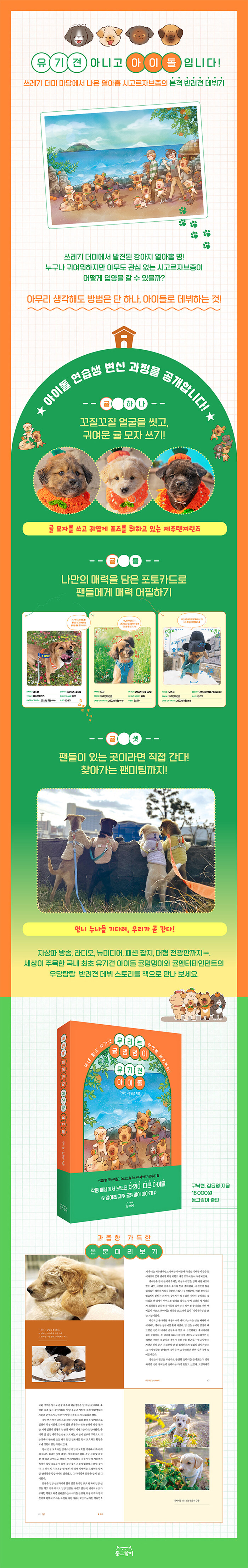 독자들이 모두 다른 매력을 가진 귤멍멍이들을 만나볼 수 있도록, 다양한 사진을 수록했다. 귤멍멍이들의 특징을 살린 귀여운 일러스트도 군데군데 배치되어 있어 한층 읽는 맛을 더했다. 332쪽이라는 긴 호흡의 책을 읽을 때, 중간 중간 쉬어갈 수 있도록 재치 있는 4컷 만화도 준비했다. 귀여운 귤멍멍이들의 사진과, 일러스트, 4컷 만화, 그리고 대담한 모험 이야기가 가득한 종합 선물 세트같은 이 에세이를 독자들에게 자신 있게 권한다.
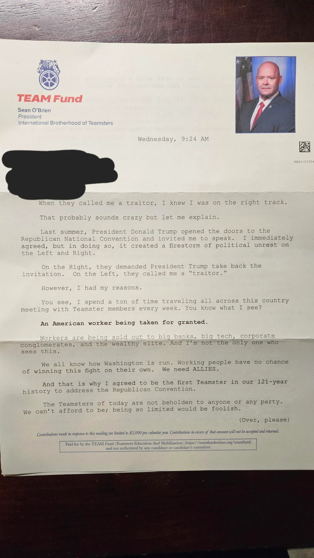 A Teamster posted images of a fund raising letter they received from President Sean O’Brien on r/Union (warning: reddit link).
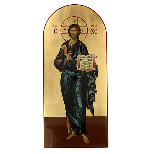 Christ Pantocrator Russian icon silk screen print 120x50 cm. Christ Pantocrator, from the Greek "sovereign of all things", is a depiction of Jesus typical of Byzantine art and is portrayed in the act of blessing with the three fingers of his right hand, according to the orthodox culture. The image of Christ is in silk screen while the golden background is painted by hand.
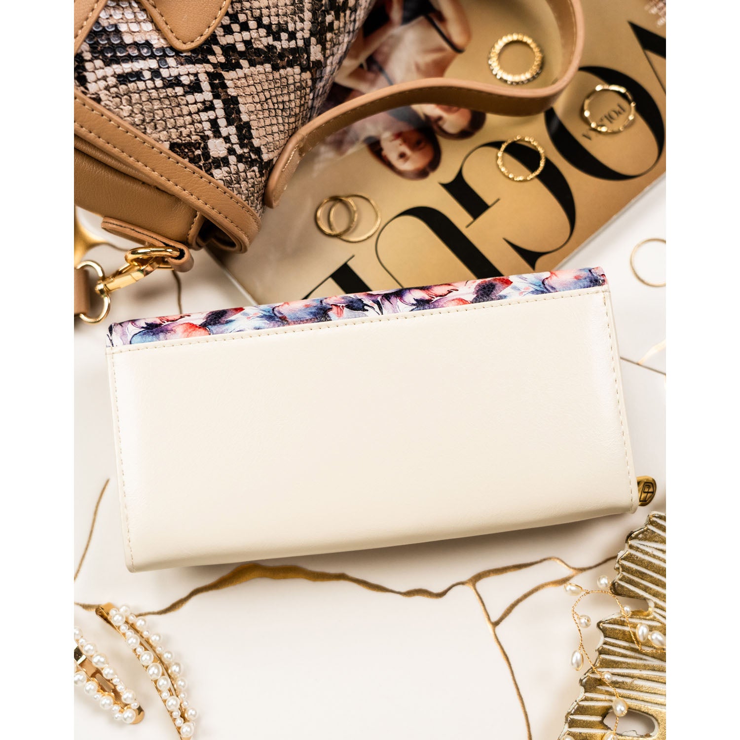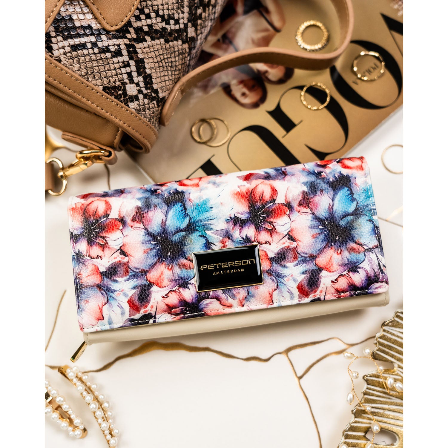 Peterson sieviešu maks, kas izgatavots no mākslīgās ādas, bēšā krāsā ar ziedu rakstu.
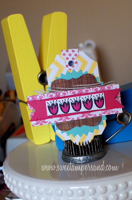 The tag insert is hand cut from a piece of patterned paper layered on a piece of melon berry cardstock. The tab at the top is the mini oval tab die from My Favorite Things and it's die cut from the same piece of kraft and white grid patterned paper attached with a few staples using my tiny attacher. The sentiment stamp is from PTI.
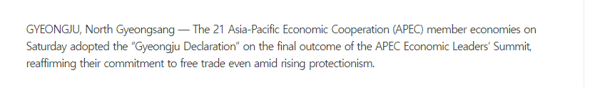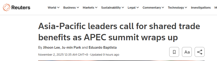 2025年亞太經(jīng)合組織(APEC)領(lǐng)導(dǎo)人非正式會(huì)議于10月31日至11月1日在韓國慶州舉行,會(huì)議發(fā)表了《慶州宣言》。多家外媒報(bào)道稱,會(huì)議凸顯了亞太地區(qū)經(jīng)濟(jì)體對自由貿(mào)易的承諾。
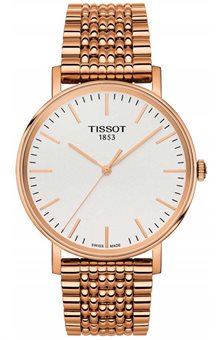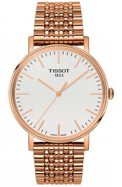 Γυναικείο ρολόι Tissot Ελβετικής κατασκευής από ροζ επιχρυσωμένο ανοξείδωτο ατσάλι με ασημί καντράν και μπρασελέ.
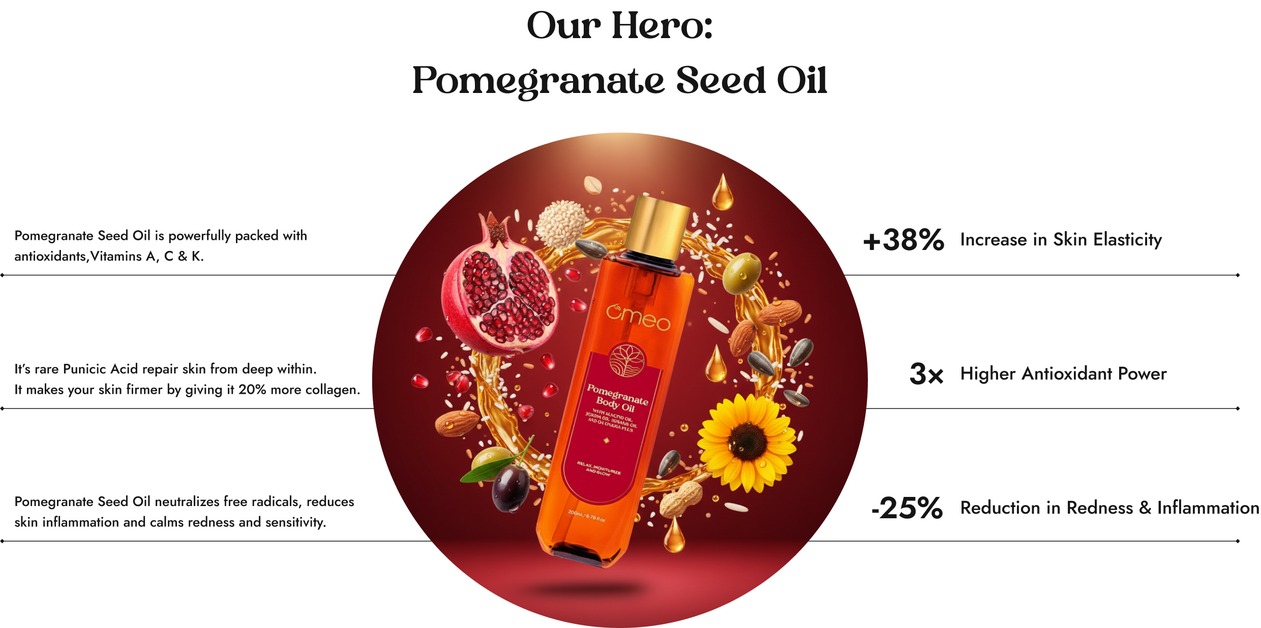 Pomegranate Oil: A massive reserve of Vitamin C. Pomegranate Oil is definitely a super food for your skin. Known as the Fruit of Life and often associated with fertility and abundance, this oil is said to have anti-aging, anti-oxidant and skin brightening properties.

Work item: Please repeat the records above exactly, leaving every picture out.

Written solution:
 독자들이 모두 다른 매력을 가진 귤멍멍이들을 만나볼 수 있도록, 다양한 사진을 수록했다. 귤멍멍이들의 특징을 살린 귀여운 일러스트도 군데군데 배치되어 있어 한층 읽는 맛을 더했다. 332쪽이라는 긴 호흡의 책을 읽을 때, 중간 중간 쉬어갈 수 있도록 재치 있는 4컷 만화도 준비했다. 귀여운 귤멍멍이들의 사진과, 일러스트, 4컷 만화, 그리고 대담한 모험 이야기가 가득한 종합 선물 세트같은 이 에세이를 독자들에게 자신 있게 권한다.
 A Teamster posted images of a fund raising letter they received from President Sean O’Brien on r/Union (warning: reddit link).
 Christ Pantocrator Russian icon silk screen print 120x50 cm. Christ Pantocrator, from the Greek "sovereign of all things", is a depiction of Jesus typical of Byzantine art and is portrayed in the act of blessing with the three fingers of his right hand, according to the orthodox culture. The image of Christ is in silk screen while the golden background is painted by hand.
 Peterson sieviešu maks, kas izgatavots no mākslīgās ādas, bēšā krāsā ar ziedu rakstu.
 The tag insert is hand cut from a piece of patterned paper layered on a piece of melon berry cardstock. The tab at the top is the mini oval tab die from My Favorite Things and it's die cut from the same piece of kraft and white grid patterned paper attached with a few staples using my tiny attacher. The sentiment stamp is from PTI.
 2025年亞太經(jīng)合組織(APEC)領(lǐng)導(dǎo)人非正式會(huì)議于10月31日至11月1日在韓國慶州舉行,會(huì)議發(fā)表了《慶州宣言》。多家外媒報(bào)道稱,會(huì)議凸顯了亞太地區(qū)經(jīng)濟(jì)體對自由貿(mào)易的承諾。
 Γυναικείο ρολόι Tissot Ελβετικής κατασκευής από ροζ επιχρυσωμένο ανοξείδωτο ατσάλι με ασημί καντράν και μπρασελέ.
 Pomegranate Oil: A massive reserve of Vitamin C. Pomegranate Oil is definitely a super food for your skin. Known as the Fruit of Life and often associated with fertility and abundance, this oil is said to have anti-aging, anti-oxidant and skin brightening properties.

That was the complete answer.